Hacker News new | ask | show | jobs
by syntaxing 1727 days ago
I have mix feelings. On one hand, this is pretty awesome in the sense more people should have access to different ML easier. But on the other hand, I’m guessing the people who can’t pipe a csv to pandas + scikit will probably neglect important steps like data processing and output interpretation like balanced accuracy vs accuracy.
3 comments

I like to say "the dollars are in the data". Tools like these do open up ML to a wider audience but it does nothing for them to understand that nothing beats proper record keeping and data collection. Furthermore, it handicaps you in certain ways. For example, how are missing values handled?
Totally agree, getting actionable and confident results from ML is a really tough thing to do. Imputing data, feature processing, metric choices, and etc is almost an art form (though new AutoML libraries have made this much easier).
Totally understand your mixed feelings. We are trying to do as many standard data preprocessing steps as we can (cleaning, normalizing, one-hot encoding etc.) and are now switching over to an AutoML engine.
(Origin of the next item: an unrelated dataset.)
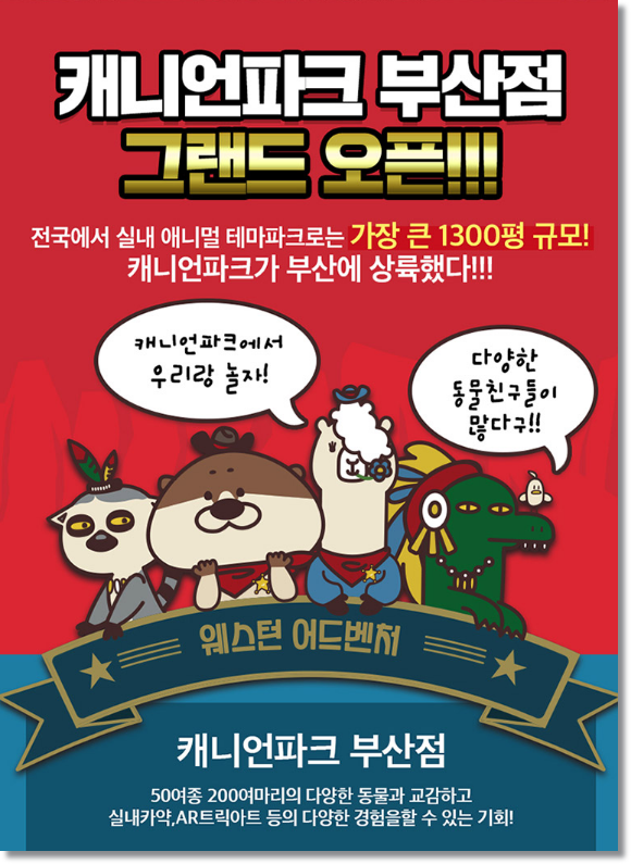 대한민국 대표 관강지 부산에서 실내 애니멀 테마파크 캐니언 파크가 오픈합니다. 대한민국 전국 최대규모 약 1,300평 대로 알려져 주목을 받고 있습니다. 부산 최초로 알락꼬리여우원숭이부터 왕부리새 토코투칸, 악어와 박쥐까지 수십여종에 수백마리의 동물들과 교감할 수 있습니다. 실내 동물원 캐니언 파크는 단순히 동물을 살펴보는 곳이 아니라 더 나아가 일종의 실내 관광지로서의 역할을 합니다.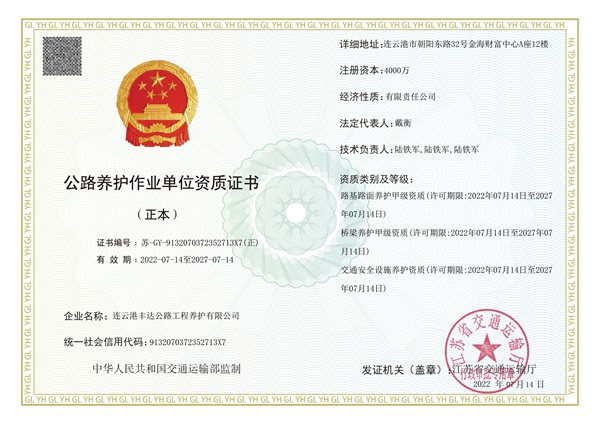 本次新取得的三項資質(zhì)證書,為豐達公司繼續(xù)立足公路養(yǎng)護市場奠定基礎,也意味著可以拓展更加廣闊的公路養(yǎng)護市場領域。

We basically see the outputs of Magicsheets as great baseline models, Data Scientists could definitely do better (especially with domain knowledge) but we should at least be able to give some useful predictions back for most problems :).
> I’m guessing the people who can’t pipe a csv to pandas + scikit

People who know how to do that neglect the important steps too. The hardest part about ML is finding practitioners who aren't false positives.

I hear this a lot but I haven't seen too much of it in the real world. In my experience it's a competitive field to get into so even the junior people are pretty decent. They have to be.